Ecosystem Services of Tropical Forests to be Protected with Precedent-Setting Memorandum

20 Nov 2008 21:11:09 | Sarah Kuck | Biodiversity and Ecosystems | Comments

life%20as%20a%20fern.jpg Earlier this week California, Illinois and Wisconsin joined forces with six states in Brazil and Indonesia to fight climate change in an unprecedented way: the states will develop programs that will protect and restore tropical rainforests to ensure the safety of these essential carbon sinks.

According to a recent release from Marshall Maher of Conservation International, by signing the memorandum of understanding (MOU), the governors are stating that they are willing to pay for the service the tropical forests are providing: storing and absorbing atmospheric carbon dioxide.

'When a tropical forest is destroyed, it hurts everyone, no matter where they live,' said Peter Seligmann, the chairman and CEO of Conservation International (CI)…The US governors' leadership in this area will help stabilize the Earth's climate by providing effective incentives to conserve these threatened tropical ecosystems that are so critical for supporting the livelihoods of forest-dwelling communities and indigenous peoples.'

Governments and institutions around the world are seeing the MOU as a hopeful sign that legislatures are finally willing to take action at the state level, and are optimistic that this proactive measure will encourage others to do the same.

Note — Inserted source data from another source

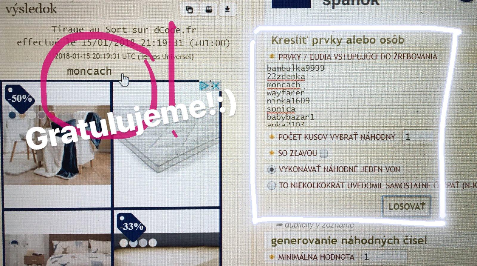 GRATULUJEME VÍŤAZKE S NICKOM @moncach 🙂 Vyžreboval ju náš pomocník, randomový server - foto ako dôkaz prikladám tiež 🙂 Ešte raz gratulujem a teším sa na vás už zajtra! 🙂
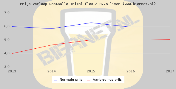 De gemiddelde prijs van een fles á 0,75 liter van Westmalle Tripel is €8,72 (€11,63 per liter). De gemiddelde prijs van Westmalle Tripel in de winkel is €7,78 per liter.
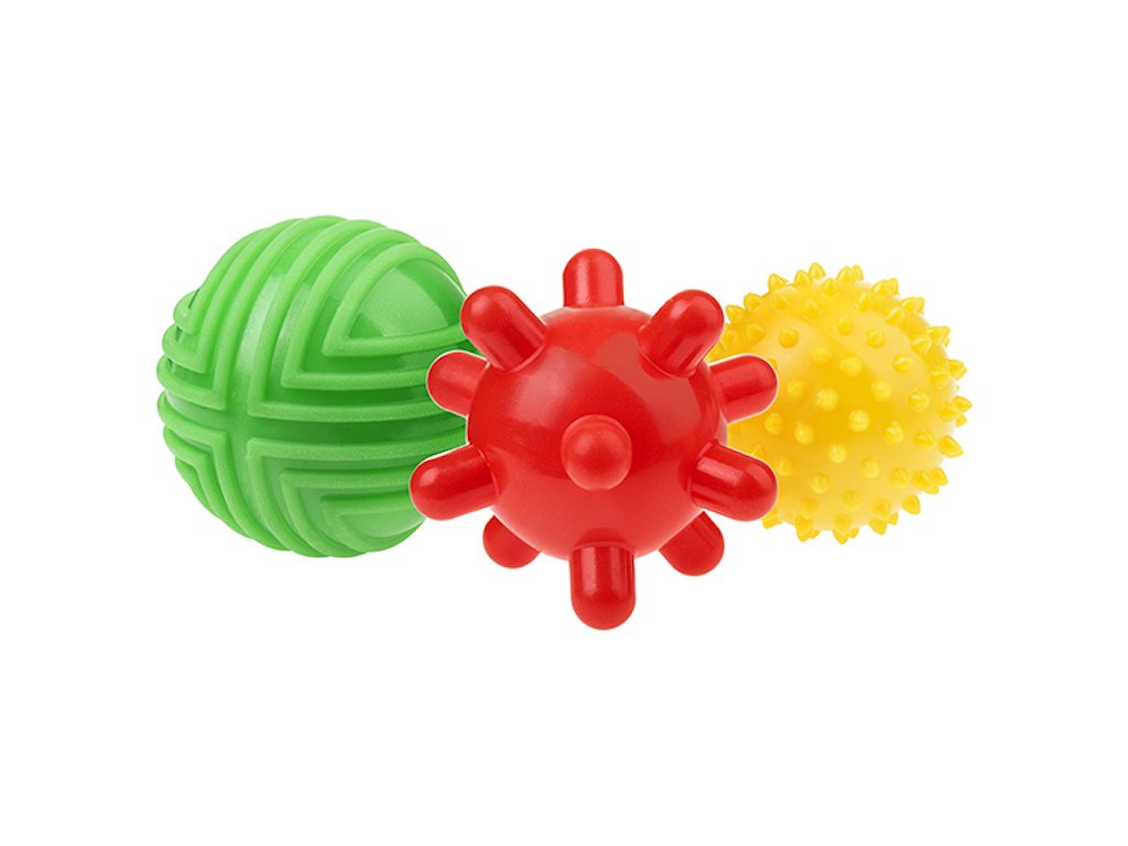 Loptičky sú ideálne na jemnú a príjemnú masáž. Držanie loptičky alebo šliapanie na ňu bosými nohami stimuluje rozvoj zmyslov dieťaťa a pomáha rozvíjať rovnováhu.
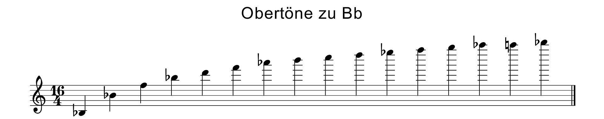 Die Übung besteht darin, die Obertöne zunächst Ton für Ton von unten nach oben und zurück zu spielen. Anfangs sind es vielleicht nur zwei oder drei, aber mit etwas Übung sollten vier oder fünf Obertöne möglich sein. Wichtig bei dieser Übung ist, die Töne so sauber und so lang wie möglich zu spielen.
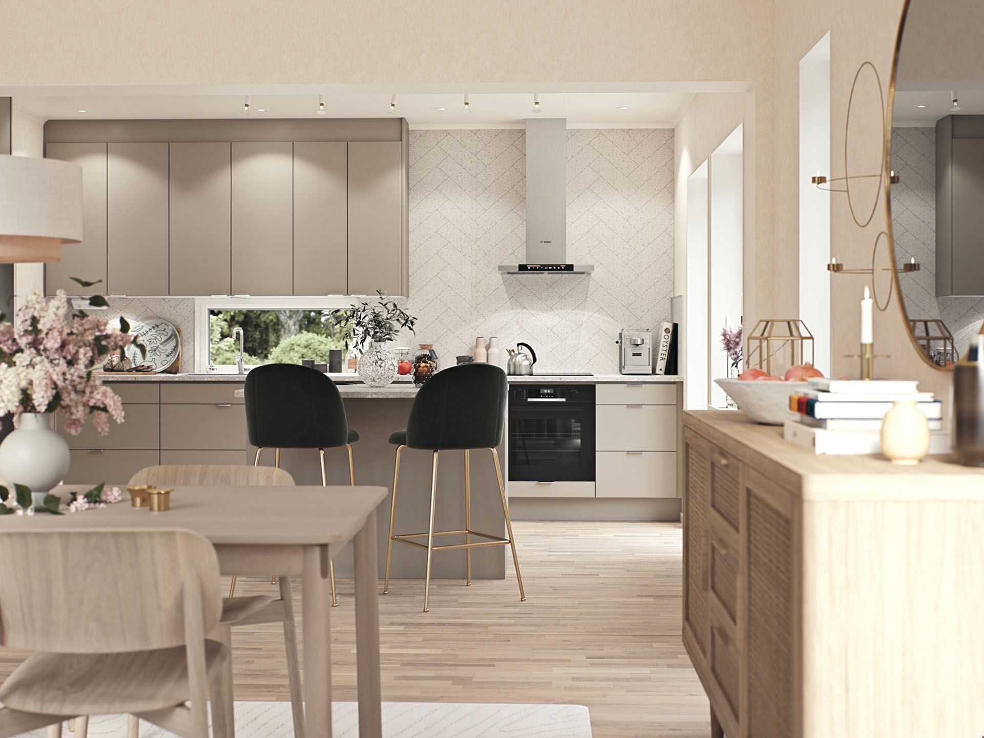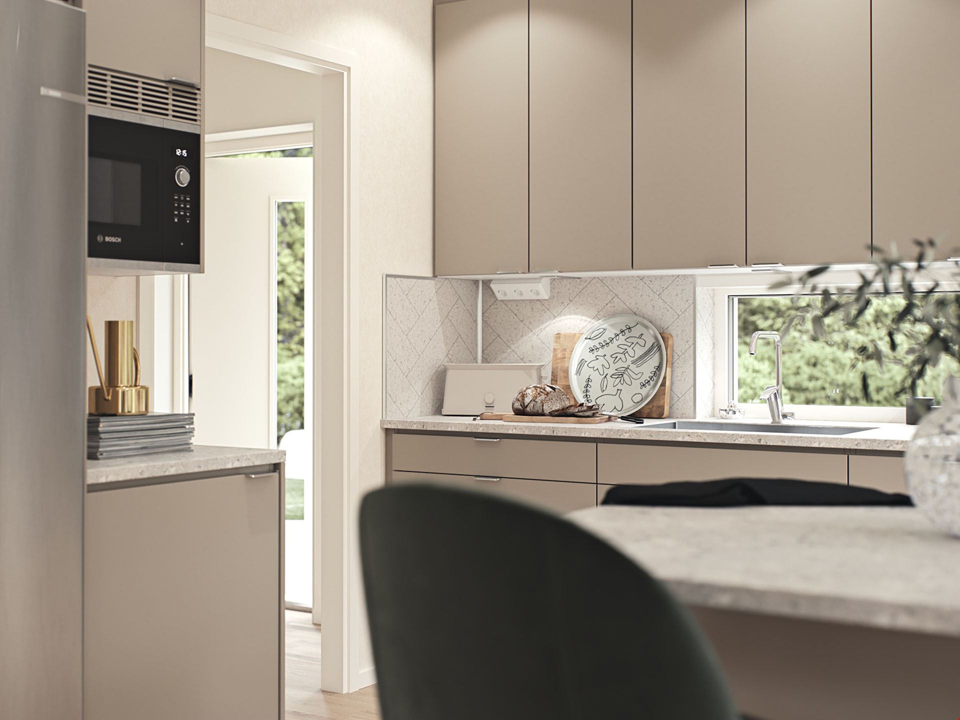 Villa Kalmar är en av våra mest omtyckta husmodeller bland 1,5-planshusen. Den ljusa, öppna planlösningen mellan vardagsrum och kök i husets ena planhalva brukar uppskattas lite extra. Inte konstigt alls, det är en härlig yta som ger en känsla av rymd och gör det lätt att umgås – både vid middagar och läxläsning.
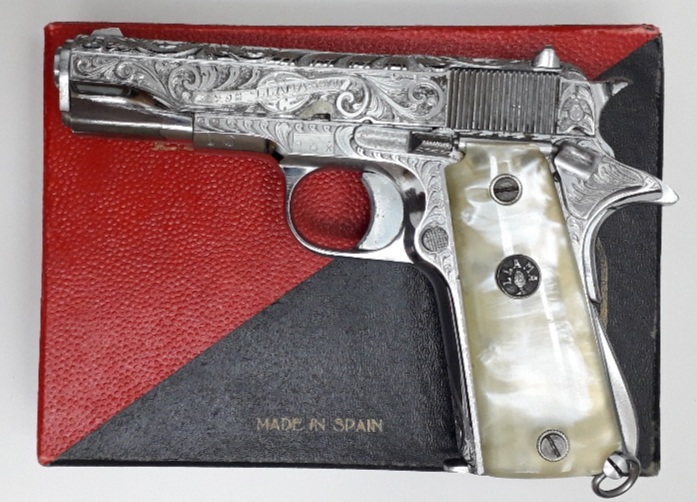 Una joya guiada en F, la caja original tiene el mismo número que la pistola.
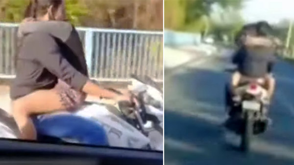 TVS Apache के फ्यूल टैंक पर लड़की को बैठा युवक ने किया स्टंट, इंटरनेट पर वायरल हुआ वीडियो
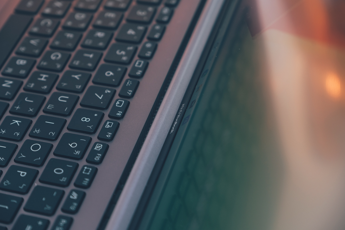 這次 VivoBook S14(S435)採用了相當特別的秘境綠並搭配質感金屬機身,說真的阿湯已經盡力把這顏色的感覺拍了出來,因為在不同的光源、角度下,你看到灰色跟綠色的比例都會有所不同,有時會覺得是金屬灰帶點綠,有時會覺得是綠中帶點灰,所以綠色加上「秘境」二字,真的是當之無愧。

'This would open the door for carbon credits derived from protecting forests to be used for compliance purposes under US climate legislation,' said Toby Janson-Smith, the senior director for forest carbon markets in CI's Center for Environmental Leadership in Business. 'International negotiators will see that it can be done in a credible and robust way, and that reducing emissions from deforestation should finally be included in the global climate change framework.'

The Kyoto Protocol only allows for emissions trading for new or replanted forests. As far as carbon markets go, this has mostly resulted in voluntary financing for forest conservation. Last year’s U.N.-led negotiations in Bali, Indonesia, looked into forest protection as a possible strategy for climate change mitigation, but they have not yet agreed upon such a measure. This measure is unparalleled, for now. Many hope that this effort will provide a model for success that the U.N. can look to during next year's negotiations in Copenhagen.

Thanks to the Environmental Media Alliance for bringing this story to our attention.

Image credit: Flickr/Andy Hadfield.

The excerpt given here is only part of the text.